Mobilization for the Environment (MOB) and Vereniging Leefmilieu are preparing dozens of new lawsuits against the Dutch government’s nitrogen policy. An expert they consulted concluded that it would be “impossible” to achieve the legal nitrogen reduction targets with the plans that Agriculture Minister Femke Wiersma presented last month. The environmental groups gave the Minister two weeks to come up with a serious nitrogen policy, or they will take it to court, the Volkskrant reports.

According to MOB, the BBB Minister is ignoring the recent court ruling ordering the government ot protect at least 50 percent of the most endangered nitrogen-sensitive nature from nitrogen by the end of 2030.

The organization asked engineer Ton Brouwer from the Gispoint agency to calculate how much nitrogen reduction Wiersma’s plans would approximately achieve. Among other things, Brouwer concluded that Wiersma’s biggest concrete measure - creating nitrogen-poor buffer zones of 250 meters around the Peel and the Veluwe nature reserves - will contribute less than 0.5 percent to the minimum required emission reduction of agriculture.
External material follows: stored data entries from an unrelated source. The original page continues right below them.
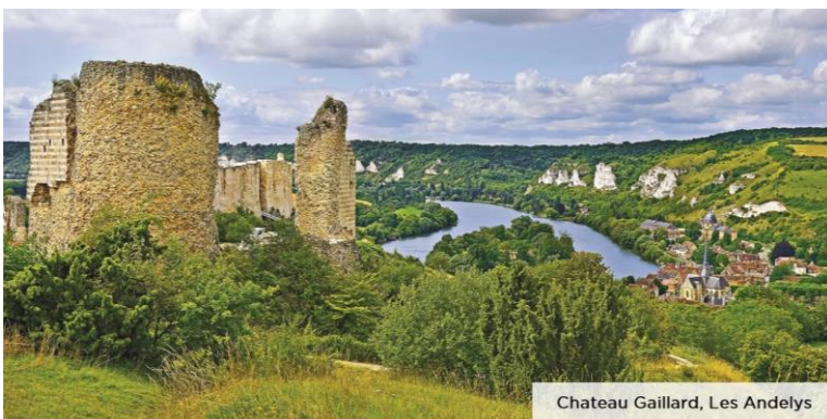
Chateau Gaillard, Les Andelys
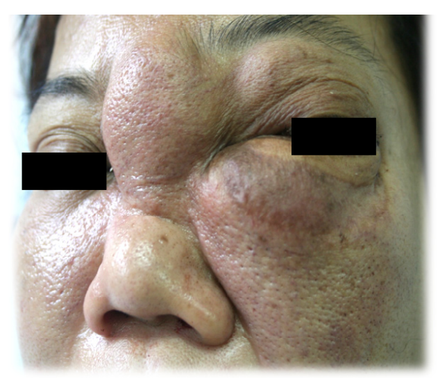
Figure 1. Preoperative picture of 37-year old female who presented with huge facial mass and epistaxis.

This mass was initially a 1 cm x1 cm soft pulsating non tender mass on her left infraorbital area, which further enlarged to a size of 4 cm x 4 cm and extended to the frontal area. She became hypertensive three years prior to admission, and concurrent with her hypertension, the patient noted significant enlargement of the mass with associated protrusion of her left eye. Several days prior to admission, she experienced profuse nosebleeding from her left nostril (about half a glass) and bleeding from her left eye after she forgot to take her antihypertensive medication. The bleeding then resolved spontaneously.
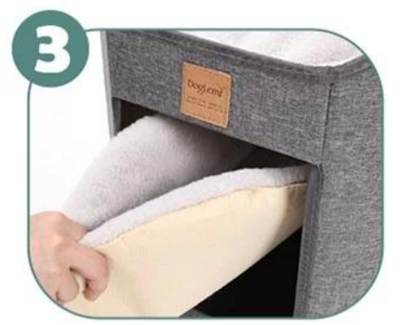
put the cushion inside and on top
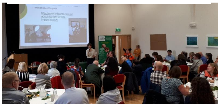
LCiL Impact Report Event 24/10/18
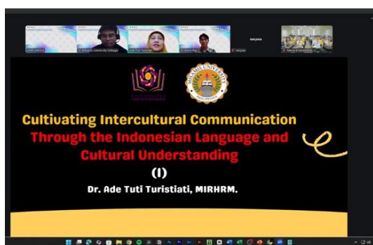
Figure 2. Training via Zoom Meeting

Sustainable Development Goals (SDGs), particularly SDG 4: Quality Education, which aims to ensure inclusive and equitable quality education and promote lifelong learning opportunities for all. The data indicate that most respondents possess positive perceptions regarding their learning abilities and engagement, with 80% reporting that they are capable of performing the task, 84% stating that they understand and learn the material, and 92% recognising the relevance and importance of the content. These findings suggest that the learning process effectively fosters cognitive understanding, learner confidence, and meaningful engagement, which are key indicators of quality education.
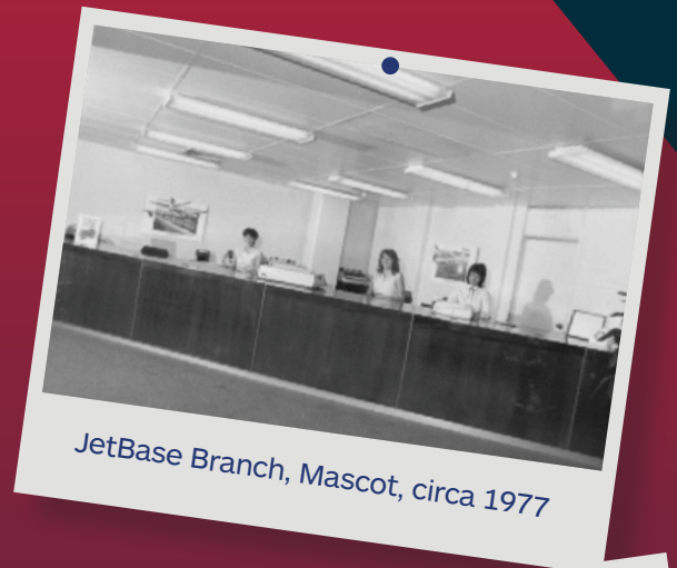
JetBase Branch, Mascot, circa 1977

With only one person in the branch allowed to handle cash and no ATMs or bank cards invented yet. The introduction of the CueCard in 1994 and the first ATM at the Qantas corporate centre and Airport Central Building came as huge milestones not only for the company but for the customers as well, as they were now able to make easier and faster withdrawals.
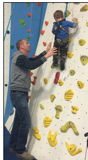
Indoor rock climbing activity.

Already this year they've hosted hikes in various parts of Colorado and just hosted stand up paddle boarding in Colorado Springs. Coming up is a family hike outside Fort Collins on July 7th, their ADA/Wheelchair accessible hike at Garden of the Gods on August 11th, and their annual 14er hike on August 21st. This year they're hosting their first ever overnight father/son camping trip in September and are working to get a firm date for their fishing trip. Backpacks + Bleeders loves sharing moments of accomplishment with so many of our community. Seeing family members crest the top of a difficult hike or teaching people with fused joints how to do something they never thought possible is a joy. Please don't let a bleeding disorder stop you from doing some of these great activities. Backpacks + Bleeders is here to help! Their mission statement and social media hashtags say it all: Cultivating adaptable independence one meaningful adventure at a time. #WeClimbMountains #getoutside #playitsmart #adventure
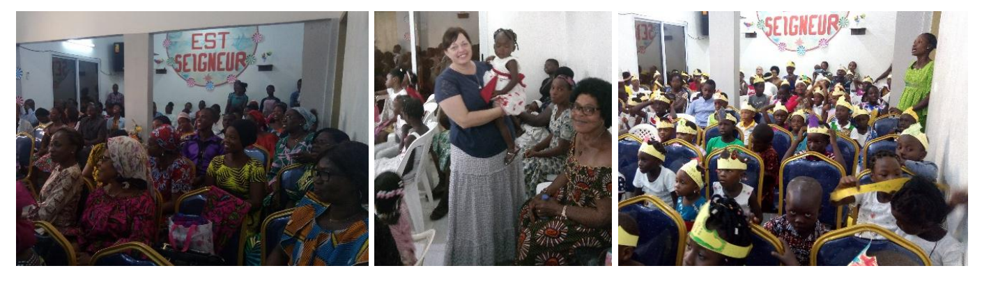
Urgent prayer need! Over 200 adults and 50 children are in weekly attendance. Despite 60% unemployment, our members have saved $5,000. We have a tabernacle ready to build, but we need $50,000 to buy land . Please contact us if you or your church can help with this need. Thank you!

Our church plant, Bethel AG, has grown to over 200 members. We begin 2 services this week and need land!
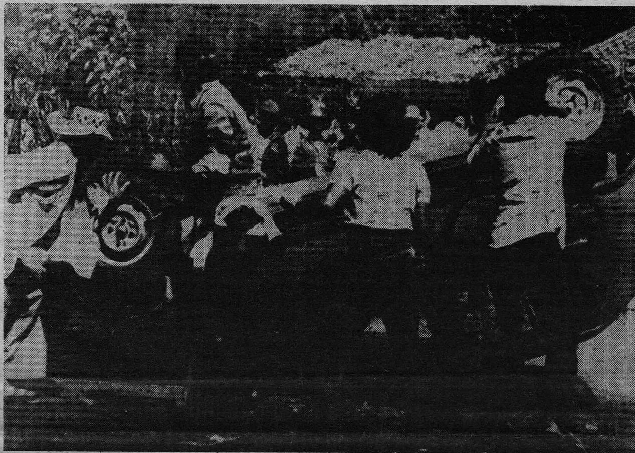
Youth in El Salvador building a roadblock against the junta's troops. The revolution in Central America represents the beginning of the revolution here.

On the basis of these decisions, the Conference concluded by electing a new leadership to carry out the policy decided on. TRUTH
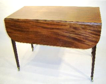
Lot # 397
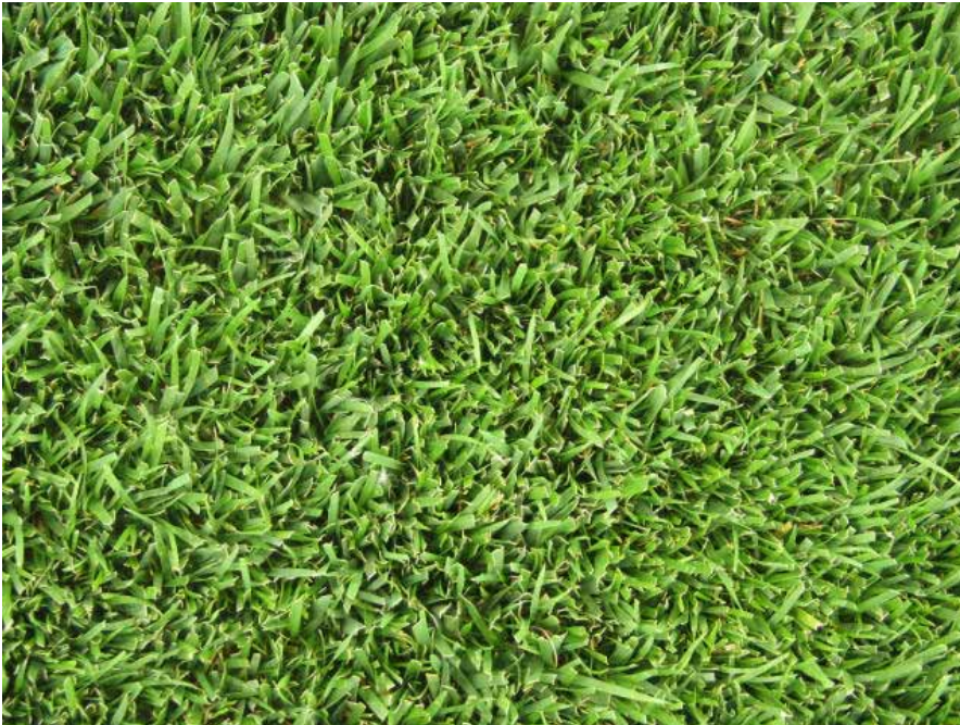
Mean Turfgrass Quality Ratings of Tall Fescue Cultivars Grown at Eighteen Locations in the U.S. Maintained using Schedule "A"

Justice is an elite tall fescue turfgrass that requires less irrigation frequency than bluegrass, ryegrass and fine fescues. Justice is a shade tolerant variety and ideal for home lawns, parks, and sod production. It exhibits outstanding wear tolerance and resists hard use on athletic fields, park and home lawns. Justice has an early spring green-up and holds its color late into the fall. Justice has performed well under low to moderate fertility, but performs better under high fertility levels associated with the maintenance of extensively used athletic fields and showcase lawns.
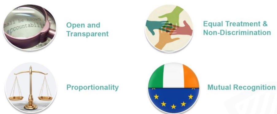
Figure 2: Key Principles of Public Procurement

A competitive process should be carried out in an open, objective and transparent manner that will achieve best value for money. This is in line with EU Directives on public procurement. Essential elements to be observed in conducting the procurement functions include; non-discrimination, equal treatment, transparency, mutual recognition, proportionality, freedom to provide service and freedom of establishment. The Directives impose legal obligations on public bodies when advertising and the use of objective tendering procedures for the award of all tenders.
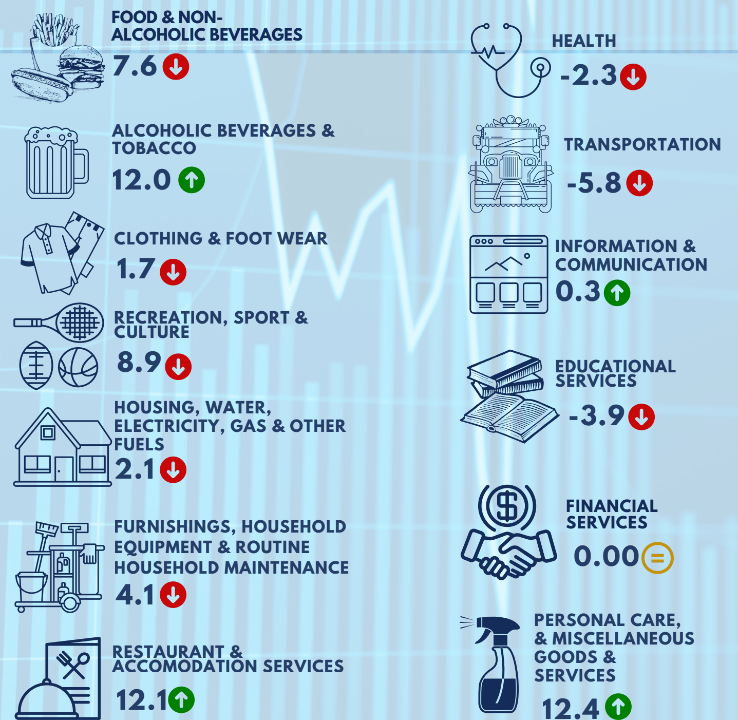
ANNUAL BOTTOM 30% INCOME INFLATION RATES OF MAJOR COMMODITY GROUPS IN GUIMARAS
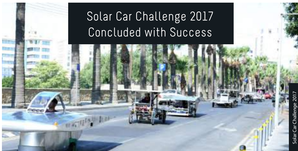
Solar Car Challenge 2017

Aiming to promote the use of renewable energy, The Cyprus Institute and Nicosia Municipality organised the annual Solar Car Challenge 2017 on June 25.
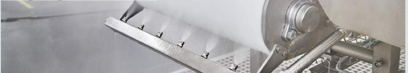
Conveyor belt cleaning in a large slaughter house. In this application the SC DELTA is fed with hot water needed together with high flow and pressure to achieve the desired result. SC DELTA enables several belts being cleaned at the same time
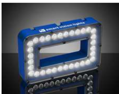
Smart Vision Lights Compact Ring Lights
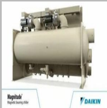
1 Ton Daikin Water Cooled Chiller
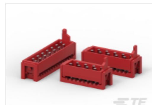
TE Part #CAT-M5833-M2934A Male-on-Wire Connector, Micro-MaTch
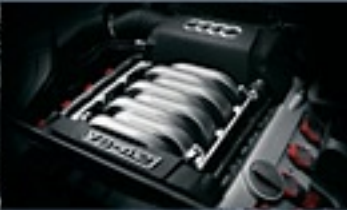
Above: Models of effective yet efficient power, both the V8 and the W12 are largely hand built and are extensively tested before delivery.
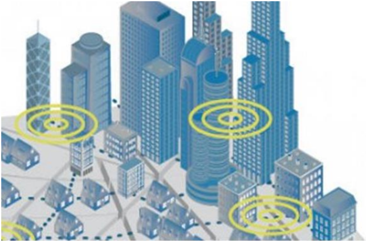
Figure 1 - The City of "Smart Grids"
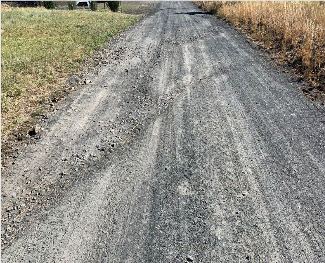
Ukiah, Population 203.
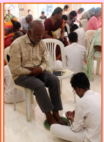
Glimpses of students performing Pada Puja to their parents
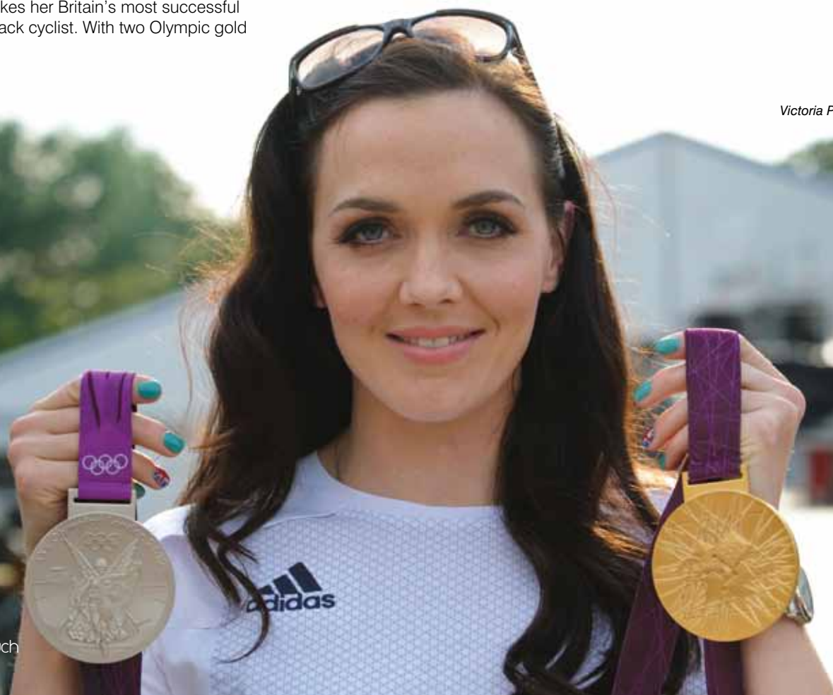
Victoria Pendleton, MBE

With two Olympic gold medals, Victoria is one of the country's most successful female Olympians.

MOB has been taking legal action against the government over its failure to reduce nitrogen emissions and save Dutch nature for years. The environmental group won almost all these cases, because European nature conservation laws are on its side. Its biggest success was in 2019, when the Council of State declared the government’s Nitrogen Action Program (PAS), introduced in 2015, invalid because it conflicted with the European Bird and Habitat Directives.

One consequence of the 2019 ruling was that thousands of farmers who had expanded their livestock without a permit based on the PAS rules suddenly became illegal. Provinces have so far refused to enforce the permit requirement on these farmers because the government has promised to legalize the affected farmers. But this leniency is becoming increasingly impossible for provinces to maintain, especially now that Wiersma is not taking concrete action to reduce nitrogen emissions.

MOB has not started any new legal proceedings against the PAS farmers in the past two years, to give the government time to solve the problem, the organization’s lawyer, Valentijn Wösten, told the newspaper. But now that Wiersma has failed again with her long-awaited nitrogen policy, MOB’s patience has run out.

MOB and Leefmilieu gave Wiersma two more weeks to come up with concrete and effective measures to reduce nitrogen emissions and protect vulnerable nature. If she fails to do so, the organizations will file dozens of lawsuits aimed at the government, mega stables, peak polluters, and PAS farmers. Wösten said that not all PAS farmers are innocent victims of government policy. According to him, some farmers illegally expanded their livestock before 2015 and then filed a PAS report to “legalize” this secret expansion afterward.

“After six years of research and consultation, it is sufficiently clear what needs to be done, and it comes down to making decisions and implementing them,” MOB wrote in its ultimatum to Wiersma. “You leave us no other option than to ask the court to intervene again. The year 2030 is steadily approaching. The decisions cannot be postponed any longer, because sufficient time is needed for implementation.”